How important is washing your hands properly?

How important is washing your hands properly?

What are the dangers of not washing hands?

Bugs (microbes) such as bacteria and viruses can easily be spread by touch. They may be picked up from contaminated surfaces, objects or people, then passed on to others. Effective hand decontamination – either by washing with soap and wateror with an alcohol-based handrub – is recognised as crucial in the reducing avoidable infection.

Here are a few examples


Campylobacter is the most common cause of food poisoning and gastro-enteritis (inflammation of the stomach and intestine). It is generally found in the gut of animals such as turkeys, chickens, wild birds, cattle and pets.

It is spread by eating or drinking contaminated food, water or unpasteurised milk. Pets such as cats and dogs may be a source of the bacteria in your home. Person to person spread occurs when your personal hygiene is poor.


Salmonella food poisoning is the result of touching or eating contaminated foods. Its symptoms include diarrhoea, vomiting, abdominal cramps and fever. Many foods that people prepare in their home, especially meats and poultry, have warning labels about safe handling on the packaging for this reason.


MRSA stands for Meticillin-resistant Staphylococcus aureus. Staphylococcus aureus (SA) is a common type of bacteria that lives harmlessly in the nose or on the skin of around 25-30% of people. Most people do not even realise they are carrying the germ.

Minor SA infections can be treated with antibiotics. In the past, even serious SA infections could be successfully treated with antibiotics. However, some types of SA have developed into ‘super-strains’, which have become resistant to antibiotics and so are classified as MRSA.

MRSA may require a lengthy stay in hospital. In some cases, it can lead to serious health problems such as blood poisoning and infections of the lungs, bones or the heart valve. A small number of people die from the effects of MRSA.


Flu is much more serious than you may think. Flu is a virus that can cause chills, fever and a sore throat and, if you have heart or lung problems or are 65 or over, it will hit you hardest.

The virus can also cause headaches, coughing, sneezing and extreme tiredness. In the most serious cases it can cause pneumonia, which can result in death. Flu is often spread through the air by coughs and sneezes or by touching contaminated surfaces.

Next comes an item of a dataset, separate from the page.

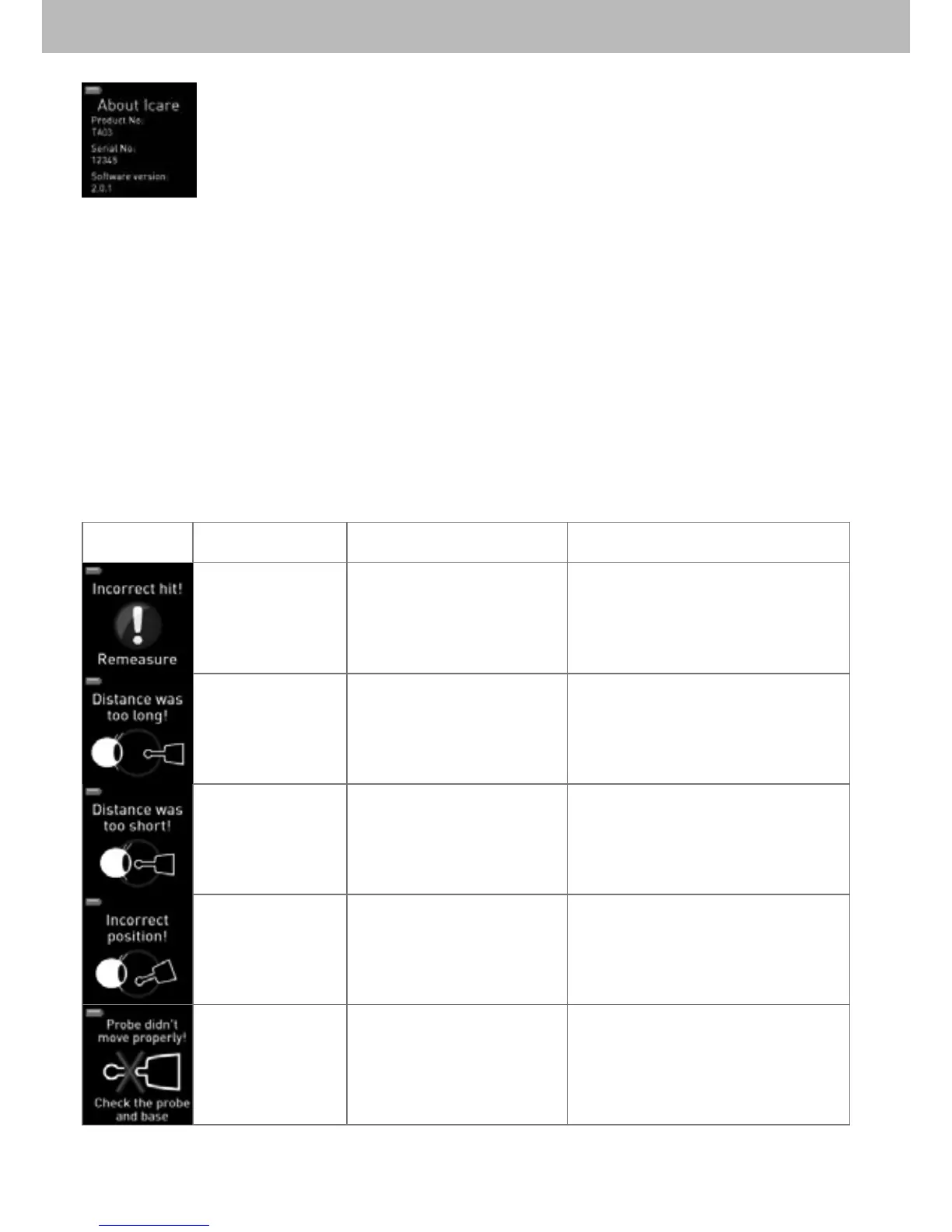 probe during measurements, and uses messages and signals to indicate errors. The following table
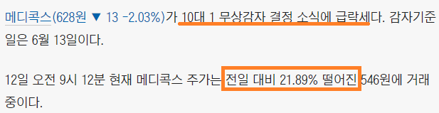 전일 대비 21.89%, 25.91%...떨어지는 폭도 상당합니다. 여러 가지 다양한 상황들이 있을 수 있겠지만 일단 무상감자는 악재이며, 주가에 부정적인 영향을 미친다고 생각하면 될 것 같습니다.

Impetigo is a very contagious infection of the skin, common in children. Redness develops into small blisters that gradually crust and erode. It is highly contagious and can be spread from person to person and to other parts of the body simply by touching it.

Which is best paper towels, hand dryer or air dry?

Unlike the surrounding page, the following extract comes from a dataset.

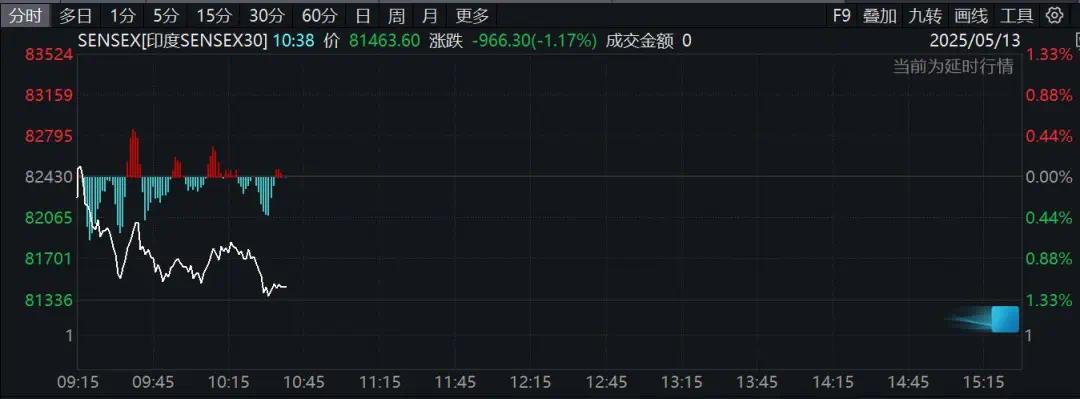 印度SENSEX指数下跌超过1%。NIFTY指数下跌1%至24,673.45点。
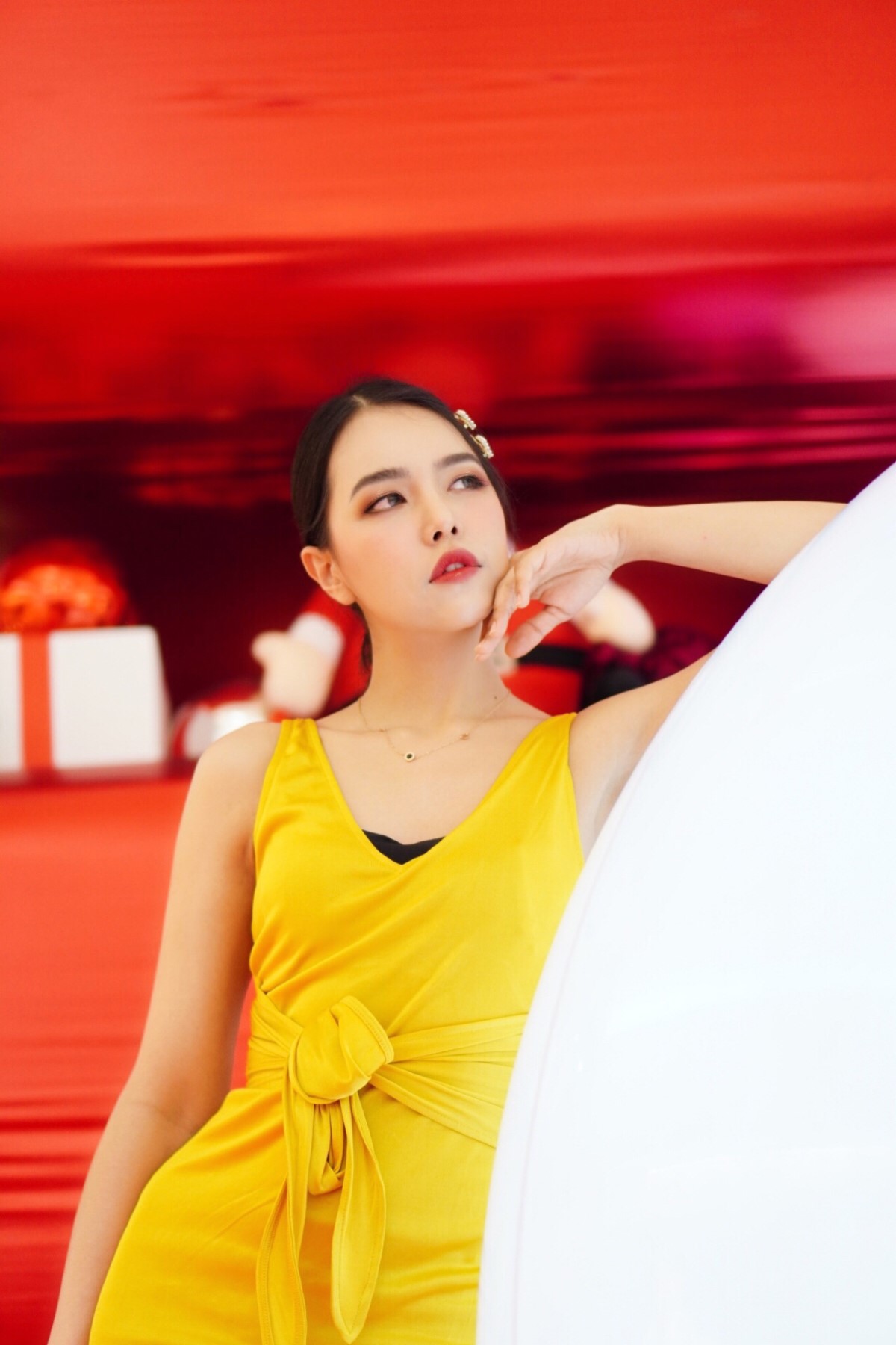 ปอนด์เลือกใส่เสื้อผ้าสีเหลืองค่ะ เพราะเป็นสีที่ดูสุขุม แต่ก็น่าเข้าหา น่ามอง ปอนด์เลือกเสื้อผ้าที่ดูเรียบ แต่มีดีเทลการผ่าข้างเล็กน้อยให้ดูสนุกสนาน สาวๆสามารถใส่เสื้อ Blazer ทับลงไปได้นะคะ ก็จะเพิ่มความ หรูหรา ดูเป็นผู้ใหญ่ให้กับเรามากขึ้น จากนั้นก็ไปถ่ายรูปกันเลยค่า

Although hand-dryers are more environmentally friendly than paper towels researchers at Bradford University found that bacteria levels increased when people rubbed their hands together while using them. They concluded that paper towels were the most effective means of reducing the risk of infection after washing.

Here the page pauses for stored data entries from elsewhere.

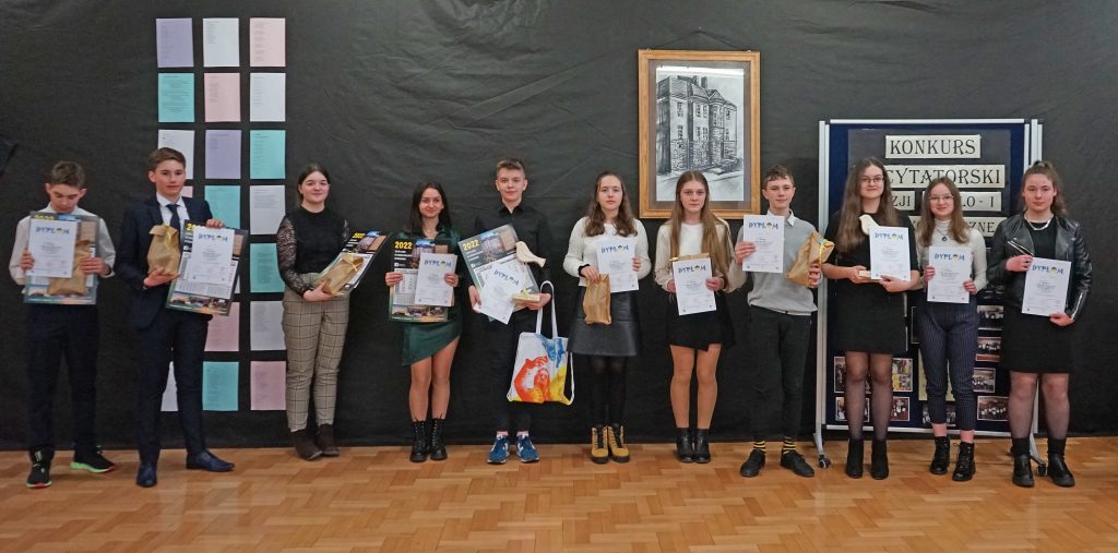 za „puchary” dla zdobywców I miejsc wyprodukowane przez „Fabrykantkę Aniołów”w Kojszówce. Dziękujemy za piękne recytacje, Nauczycielom za przygotowanie i zapraszamy na kolejną- XIV edycję konkursu w 2023 roku.
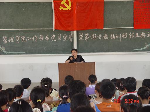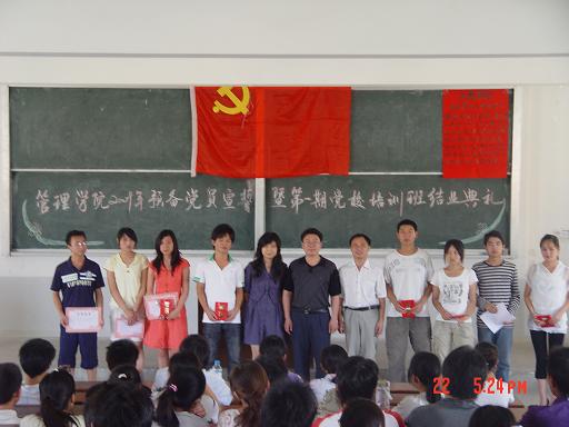 2009年6月22日下午5点,我院2009年预备党员宣誓暨第一期党校培训班结业典礼在4#JT04教室隆重举行。我院59名预备党员和95名入党积极分子参加了此次结业典礼,我院党委书记、党校校长张弢博士,党委副书记、党校副校长朱艳阳博士,党校办公室主任张维功老师出席了此次结业典礼。
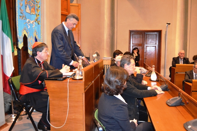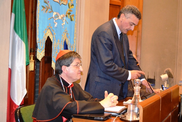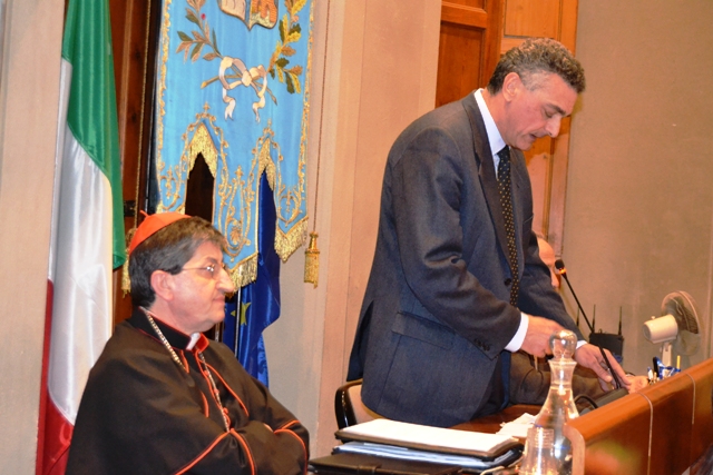 Ad accogliere il cardinale c’era, in fascia tricolore, il vicesindaco Carlo Pasquinucci assieme ai membri della giunta e buona parte del consesso elettivo. Buona anche la presenza di pubblico con alcune decine di persone ai margini per ascoltare.

Bacteria living within the skin is brought to the surface when wet hands are rubbed together under a dryer. The bacteria can then be transferred to other surfaces. When hands are washed the number of bacteria on the surface of the skin decreases, but they are not necessarily eliminated. If the hands are still damp then these bacteria are more readily transferred to other surfaces.

What hygiene procedures should visitors to hospitals follow?

When visiting someone in hospital, always clean your hands using soap and water or alcohol handrubs. Do this when you enter or leave a patient’s room or other areas of the hospital. Effective hand decontamination relies on an effective technique, which includes:

- wetting hands with warm water

- applying an adequate amount of (preferably liquid) soap

- rubbing this thoroughly onto all hand surfaces (for at least 10 to 15 seconds)

- rinsing thoroughly

- drying thoroughly, preferably with disposable paper towel

- taps should be then turned off with the paper towel to avoid recontaminating the hands

Alcohol handrub can only be used if hands are free from soling. The handrub needs to be thoroughly rubbed into all hand surfaces until hands are completely dry.